**TASK TO COMPLETE**.
Look below for the line that has "Електрочайник Magio МG-506"; output exactly from it through the line that has "Step into this", and leave the pictures out.

**PROVIDED DATA**.
-*-*-

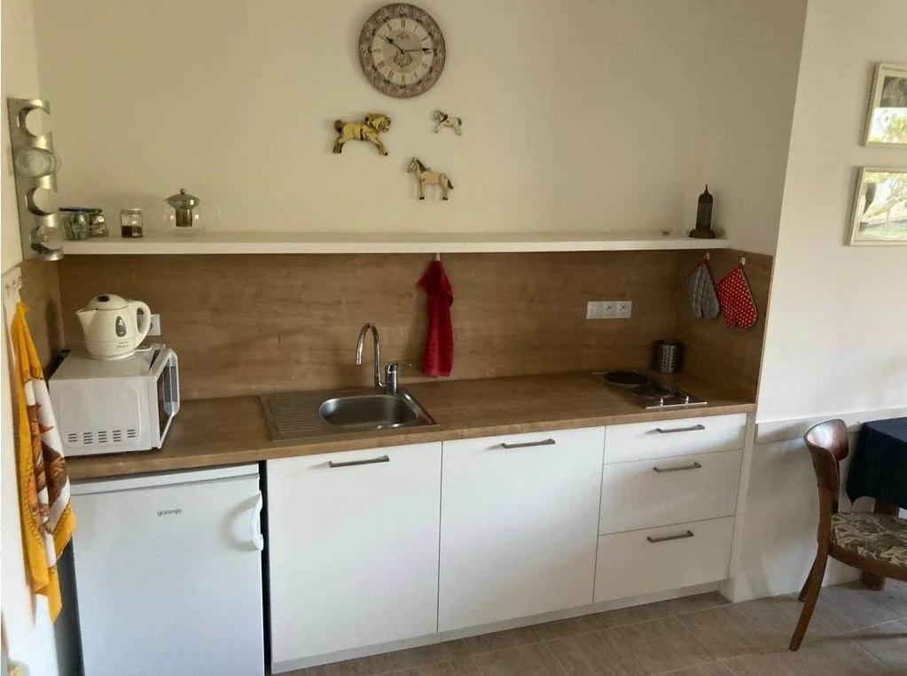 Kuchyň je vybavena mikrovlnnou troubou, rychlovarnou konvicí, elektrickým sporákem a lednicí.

-*-*-

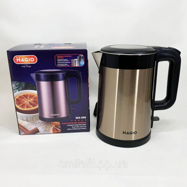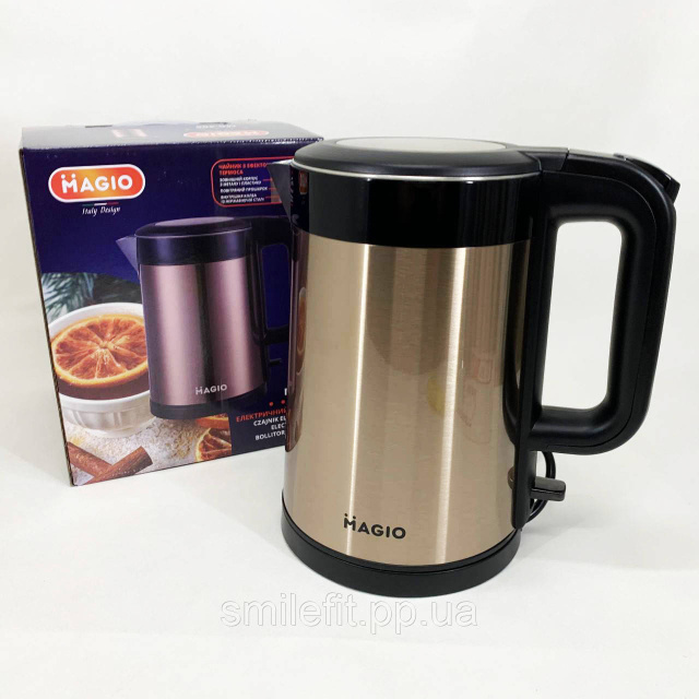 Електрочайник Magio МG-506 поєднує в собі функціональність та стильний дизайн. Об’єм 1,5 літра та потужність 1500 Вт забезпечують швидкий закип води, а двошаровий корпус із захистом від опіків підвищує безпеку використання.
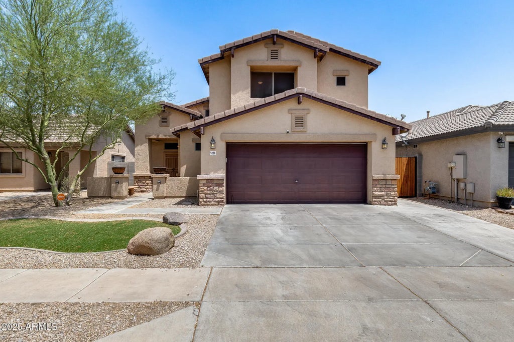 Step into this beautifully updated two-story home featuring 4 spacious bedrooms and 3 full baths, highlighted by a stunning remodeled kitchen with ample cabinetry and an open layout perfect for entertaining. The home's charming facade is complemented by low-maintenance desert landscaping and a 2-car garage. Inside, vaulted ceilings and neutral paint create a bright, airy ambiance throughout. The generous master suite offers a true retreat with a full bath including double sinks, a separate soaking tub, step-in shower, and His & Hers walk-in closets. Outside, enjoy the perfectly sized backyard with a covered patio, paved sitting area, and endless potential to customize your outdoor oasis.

-*-*-

**COMPLETED TASK**.
 Електрочайник Magio МG-506 поєднує в собі функціональність та стильний дизайн. Об’єм 1,5 літра та потужність 1500 Вт забезпечують швидкий закип води, а двошаровий корпус із захистом від опіків підвищує безпеку використання.
 Step into this beautifully updated two-story home featuring 4 spacious bedrooms and 3 full baths, highlighted by a stunning remodeled kitchen with ample cabinetry and an open layout perfect for entertaining. The home's charming facade is complemented by low-maintenance desert landscaping and a 2-car garage. Inside, vaulted ceilings and neutral paint create a bright, airy ambiance throughout. The generous master suite offers a true retreat with a full bath including double sinks, a separate soaking tub, step-in shower, and His & Hers walk-in closets. Outside, enjoy the perfectly sized backyard with a covered patio, paved sitting area, and endless potential to customize your outdoor oasis.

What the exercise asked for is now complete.